‘Youth should act on global warming’

2009-12-15 00:00

THERE is an urgent need for the youth to understand the seriousness of global warming and learn ways of slowing the process down.

This is the view of five children’s ambassadors, three of whom attended the climate change conference in Copenhagen, Denmark, last week.

The global United Nations youth campaign Consider Us sent the three ambassadors to represent the youth at the conference.

One of the child ambassadors, Phillip Strydom from Durban, says it is high time that people realise the need to educate children about global warming and the dangers it poses to the environment. He and Tanya Meyer did not make it to Copenhagen.

“I am an avid conservationist, and unless we educate everyone around us, we will not win the fight against global warming …,” Strydom, an active member of his school’s environmental club, says.

Daniel Smith, from Cape Town, says attending the conference was an eye-opener and a platform for the youth to voice their feelings and concerns about global warming.

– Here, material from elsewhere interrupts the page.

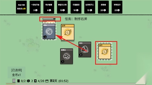 4、在游戏中,玩家可以通过拖拽的方式合成不同的道具。对于相同的村民,进食等操作在不同难度下所需时间会有所不同,具体操作时间会在卡牌上的白色条形显示。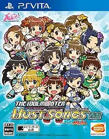 The Idolmaster Must Songs Presented by Taiko no Tatsujin (アイドルマスター マストソングスPresented by 太鼓の達人, officially stylized as THE iDOLM@STER MUST SONGS Presented by Taiko no Tatsujin) is a PlayStation Vita rhythm game, released by Bandai Namco Entertainment on December 10, 2015. Though a title of The Idolmaster series, its game system is drawn from Taiko no Tatsujin.[1] Must Songs was released in two versions, each featuring different music: Aka-ban (赤盤, Red Disc) and Ao-ban (青盤, Blue Disc). Aka-ban features earlier music in the original The Idolmaster series, and Ao-ban features music from the 2nd Vision games; both versions contain 40 songs. The game received a score of 32 out of 40 from the Japanese video game magazine Famitsu.[2]

“… We are on a serious journey to let the world know that what affects our environment affects everyone. With all the talk and ideas brought about during the conference we hope that every country will stick to their word,” Smith says.

Another ambassador, Litha Maqungo, says so many children in Africa don’t have a voice to speak out and be heard, even though they are the most affected.

“I now have the opportunity to represent the African children and be their voice.”

Anya Tiepelt from Hermanus also made it to the conference after raising R8 000 towards her funds in 24 hours.

The group handed over a book with thousands of children’s messages to high-ranking UN delegates. The messages contain one simple plea, to consider children in climate change decision making.

The book will then return to Cape Town where, along with a sample of air and water from the top of Table Mountain, it will be encased in a time capsule at a purpose-built heritage site. The time capsule will be retrieved in 20 years to determine whether or not current leaders did in fact consider today’s children.